People who say defunding NPR and PBS isn’t going to balance the budget have a point, of course. We’re talking about relatively small revenue streams here (though everything looks small when you’re talking about a $2 trillion annual deficit). 

Still, that one-to-two-percent figure comes with caveats. While it’s true that NPR typically receives around two percent of its budget directly from the federal government, federal dollars account for an enormous percentage of NPR’s overall revenue. 

Paul Farhi explained more than a decade ago how the game is played. 

“Washington plays a critical role in public radio’s finances,” Farhi explains in the Washington Post. “Congress passes millions of tax dollars through the federally chartered Corporation for Public Broadcasting to NPR’s member stations, which in turn use some of those funds to buy programs from NPR.”

Through this complicated, bureaucratic payment system, NPR receives station fees that typically account for 40 percent of its annual budget (perhaps a bit less in recent years). Considering that NPR has an operating budget of about $300 million, we’re talking about more than $100 million a year. 

Again, this may not make a massive dent in the federal deficit, but few would deny there’s something unseemly about taxpayers ponying up their hard-earned dollars so NPR can pay hosts $500,000 salaries. 

Also, we shouldn’t lose sight of the fact that there’s a purpose to all this spending. 

As the saying goes, “He who pays the piper calls the tune.” Those who control these tax dollars are in a sense purchasing the allegiance of those who shape the ideas, opinions, and thoughts of the American public. They are in a very real sense the political allies of the DC bureaucracy and political establishment. 

This is what makes government-funded media so sinister. It undermines the independence of media organs. Americans instinctively recognize this. We laugh at the crude propaganda machines of other nations and can tell you about the propaganda efforts of Goebbels; many of us even can remember the ridiculous messaging of Baghdad Bob. Yet far fewer Americans seem able to recall the US government’s long history of using propaganda, which grew more sophisticated over the years and involved planting disinformation at news outlets.

The bottom line is this: the government has no business funding media (though it clearly has a desire to not just fund media but control it).

I don’t want to go into the whole social contract thing, and start quoting Hobbes and Locke, but the raison d’etre for government is that it’s supposed to fund “essential services” that markets can’t provide. 

To accept the premise that the government should be funding media outlets destroys the whole idea that government should be limited.
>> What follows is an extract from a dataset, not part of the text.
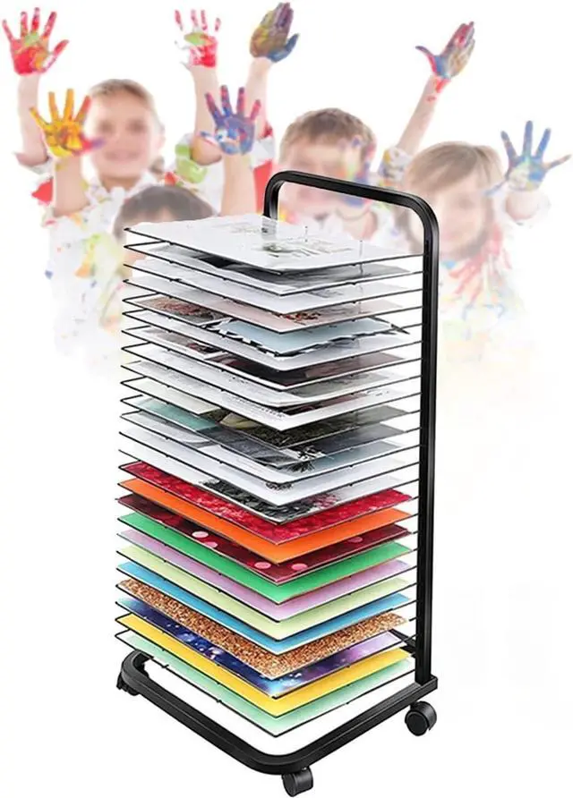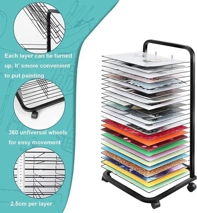 Artwork Drying Rack Foldable Easel with Pulleys, 25-Tier Metal Wire Art Paint Drying Rack for Studios, Art Classes, Kindergartens, Portable with Casters(25 Floors) (One Color 20 Floors)

You might as well argue that the government should be funding the Dallas Cowboys.

Put aside Husock’s arguments of utility, and his belief that congressional hearings can help bring NPR to heel and make it a less-partisan media organ. Look instead to first principles. The Founding Fathers had a clear philosophy on the proper role of government, and funding media operations isn’t something you’ll find enumerated anywhere in the Constitution.

Defunding NPR and PBS and all government-sponsored media isn’t just about saving taxpayers money, and it’s certainly not about placating Elon Musk. 

It’s about restoring the federal government to its proper role.